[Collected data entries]
+++

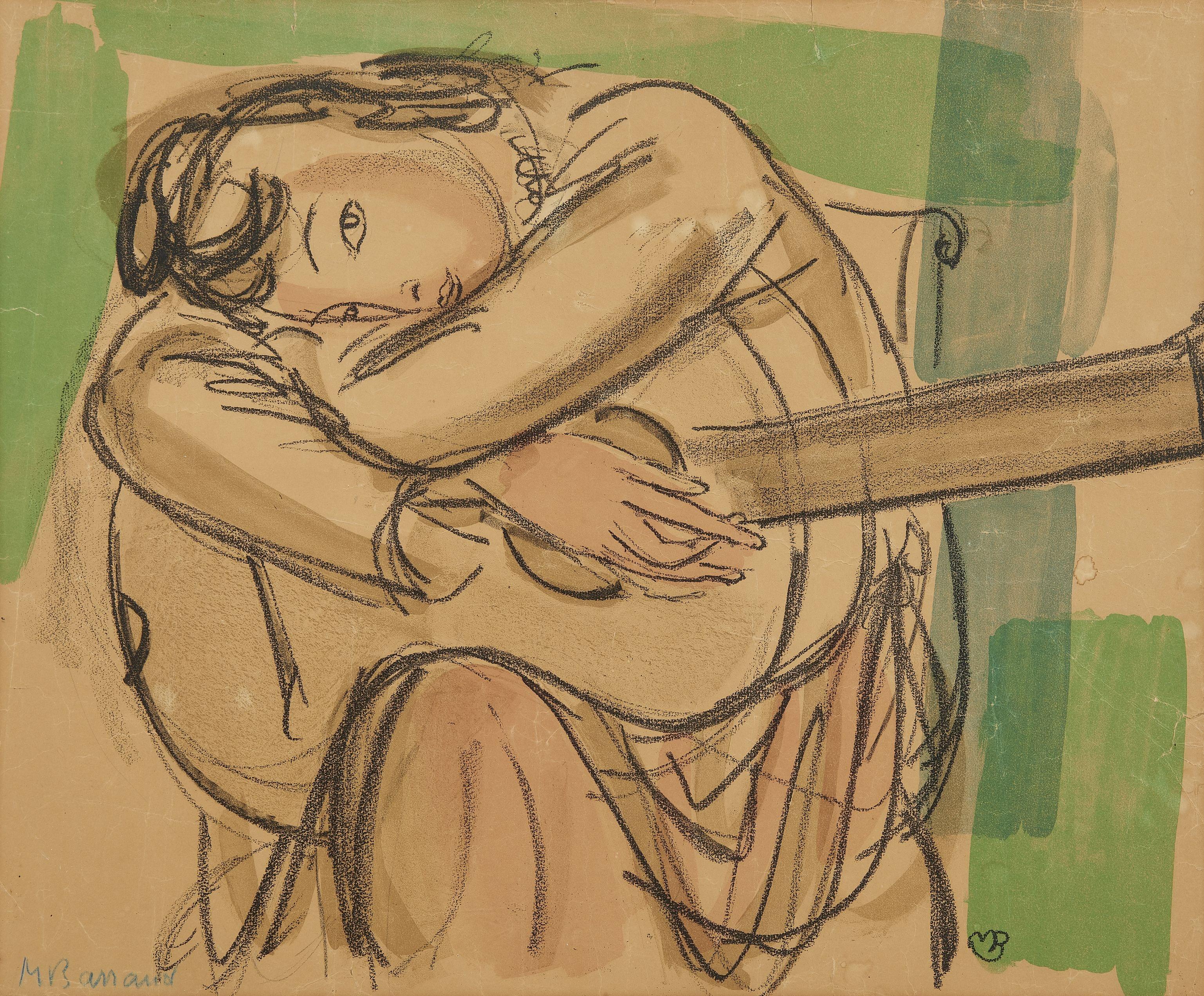 Femme à la guitare, aquarelle sur papier, signée et monogrammée, 49x69 cm.
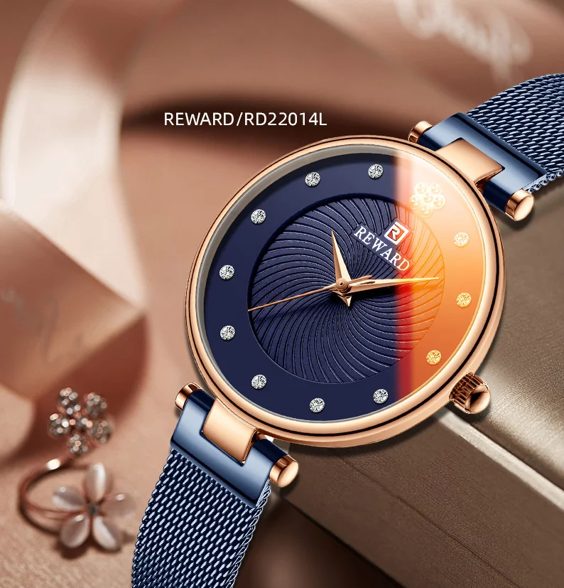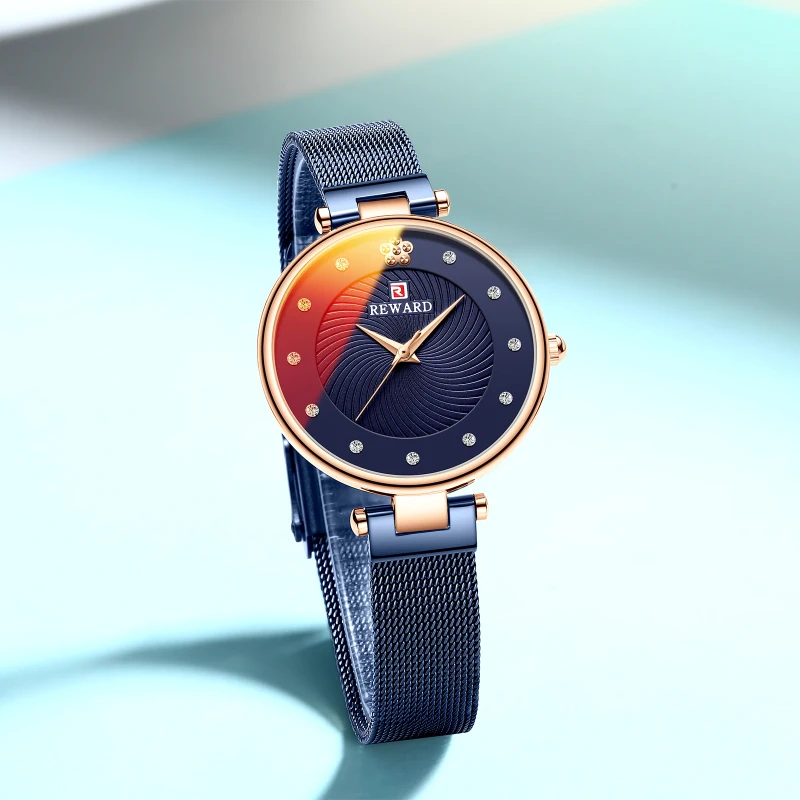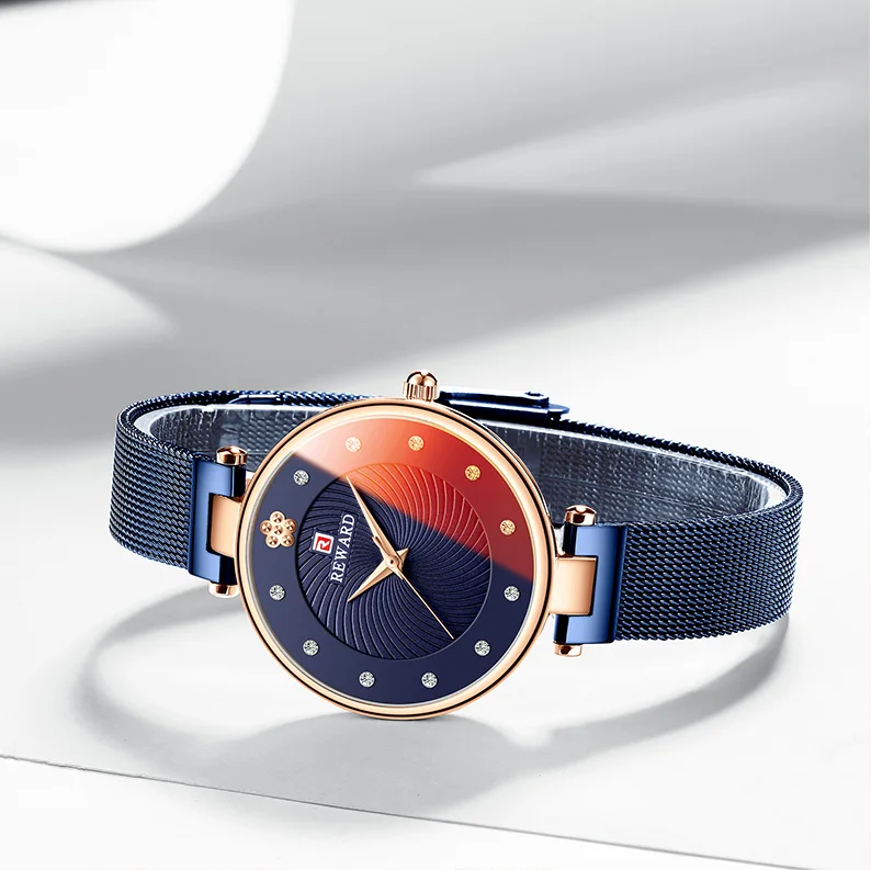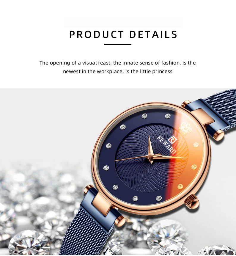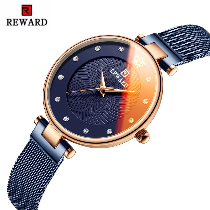 Награда, красочные роскошные женские часы с бриллиантами, ультратонкие, из нержавеющей стали, водонепроницаемые, модные часы с японским механизмом
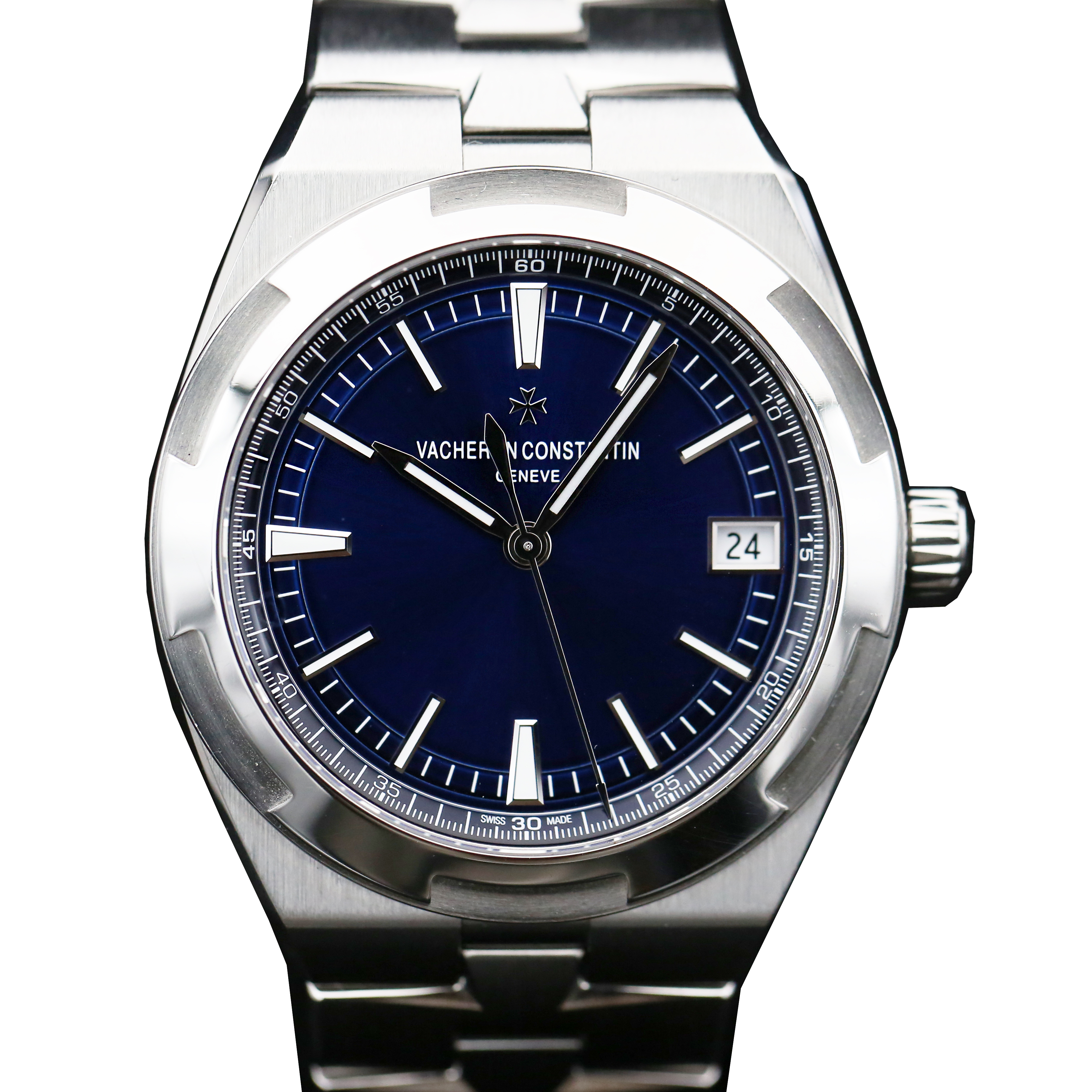 This Vacheron Constantin Overseas 4500V/110A-B128 has a blue baton dial and a bracelet strap. This Vacheron Constantin has undergone a thorough inspection of accuracy, functionality and condition at our Vacheron Constantin certified service centre to determine the level of reconditioning required to meet our strict standards. It has also been checked against our records to ensure authenticity. All our watches have a 24-month warranty for your peace of mind.
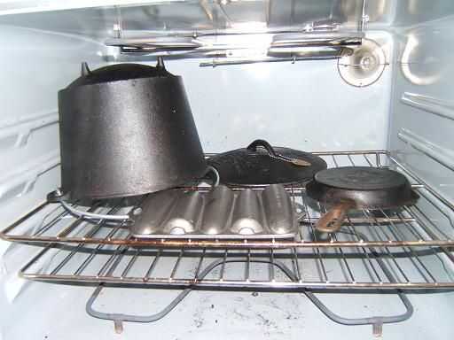 Colocar boca abajo en el horno durante 45 minutos y voltee para los 15 últimos. Durante esta hora, puede oler un poco gracioso, pero está bien. Puede abrir una ventana. El resultado será una buena capa de aceite al horno que ayudará a construir el condimento.
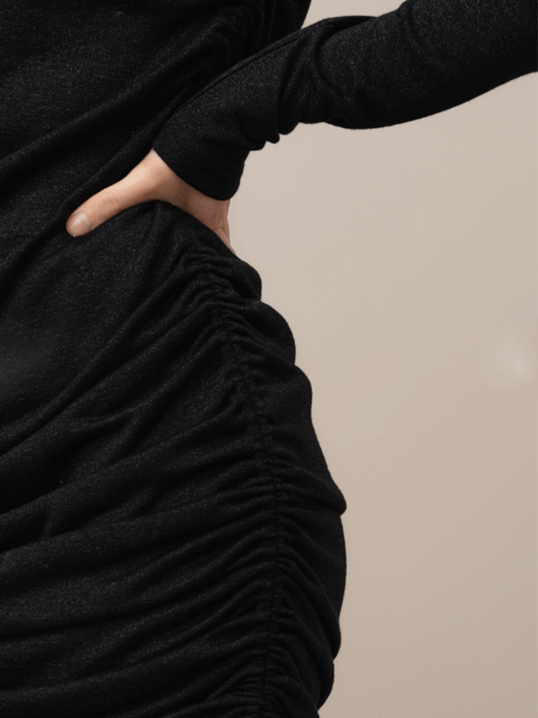 Den svarta glitterlurexen ger den en behaglig känsla och samtidigt en festlig look. Det blir festklänningen säkra kort du behöver i din höstgarderob.

+++

What you are asked to do. When you reach a picture in the records above, pass over it and transcribe the rest exactly.

Answer box.
 Femme à la guitare, aquarelle sur papier, signée et monogrammée, 49x69 cm.
 Награда, красочные роскошные женские часы с бриллиантами, ультратонкие, из нержавеющей стали, водонепроницаемые, модные часы с японским механизмом
 This Vacheron Constantin Overseas 4500V/110A-B128 has a blue baton dial and a bracelet strap. This Vacheron Constantin has undergone a thorough inspection of accuracy, functionality and condition at our Vacheron Constantin certified service centre to determine the level of reconditioning required to meet our strict standards. It has also been checked against our records to ensure authenticity. All our watches have a 24-month warranty for your peace of mind.
 Colocar boca abajo en el horno durante 45 minutos y voltee para los 15 últimos. Durante esta hora, puede oler un poco gracioso, pero está bien. Puede abrir una ventana. El resultado será una buena capa de aceite al horno que ayudará a construir el condimento.
 Den svarta glitterlurexen ger den en behaglig känsla och samtidigt en festlig look. Det blir festklänningen säkra kort du behöver i din höstgarderob.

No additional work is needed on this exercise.